My husband and I have taken somewhat of a circuitous approach to cruising…as a function of retirement. Many, young and old, seem to come to sailing and cruising in a heated rush. We chose a more measured approach. While some, again, young and old, often “sell the farm”, buy a boat, and dive into sailing with a two and a half gainer with a double twist from the three meter board, we chose to ease into the kiddy pool and slowly make our way to the deep end.

Now, make no mistake, the goal for us was the same goal everyone else has had and at the end of the day, should the eye be kept on the prize, is attained no matter what the approach. But, when comparing our approach to how most others have proceeded, we’ve taken a different tack.

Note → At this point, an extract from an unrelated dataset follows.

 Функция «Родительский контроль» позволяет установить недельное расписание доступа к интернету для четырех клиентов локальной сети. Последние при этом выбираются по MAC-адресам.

We both knew how to sail before we ever met each other. Most of my experience was obtained by sailing in Lake Pontchartrain and Mississippi Sound aboard a 27 foot Chrysler sloop owned by an old friend of mine. I did an eleven day charter on Great Slave Lake in the Canadian sub arctic. My husband’s primarily came from sailing Galveston Bay and the upper Texas coast…with a Caribbean barefoot charter or two. His background was not very water intensive, while I was a water baby raised on a large lake until 15, and then the coast of Louisiana (Grande Isle) on through high school. I can’t remember when I learned how to swim, I just always could. He had owned several sailboats, I’d never owned a boat at all.

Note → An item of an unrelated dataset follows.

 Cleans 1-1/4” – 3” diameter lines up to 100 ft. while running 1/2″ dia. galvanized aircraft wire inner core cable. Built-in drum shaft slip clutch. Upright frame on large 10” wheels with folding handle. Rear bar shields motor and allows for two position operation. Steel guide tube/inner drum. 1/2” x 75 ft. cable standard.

Even before we were married, we’d often sit at Outriggers watching and commenting on the boats as they motored out of Clear Lake channel into Galveston Bay. In August of 2010 we bought a Hunter 31. The entire purpose of that boat was to see if hubbie and me could put up with each other while sailing. To see how we’d fair sailing together. For three solid years we rebuilt the Hunter and sailed it in all kinds of conditions, both offshore and in Galveston Bay. We had some downright harrowing experiences sailing that little Hunter sloop but, in the end, we determined we made a great team sailing.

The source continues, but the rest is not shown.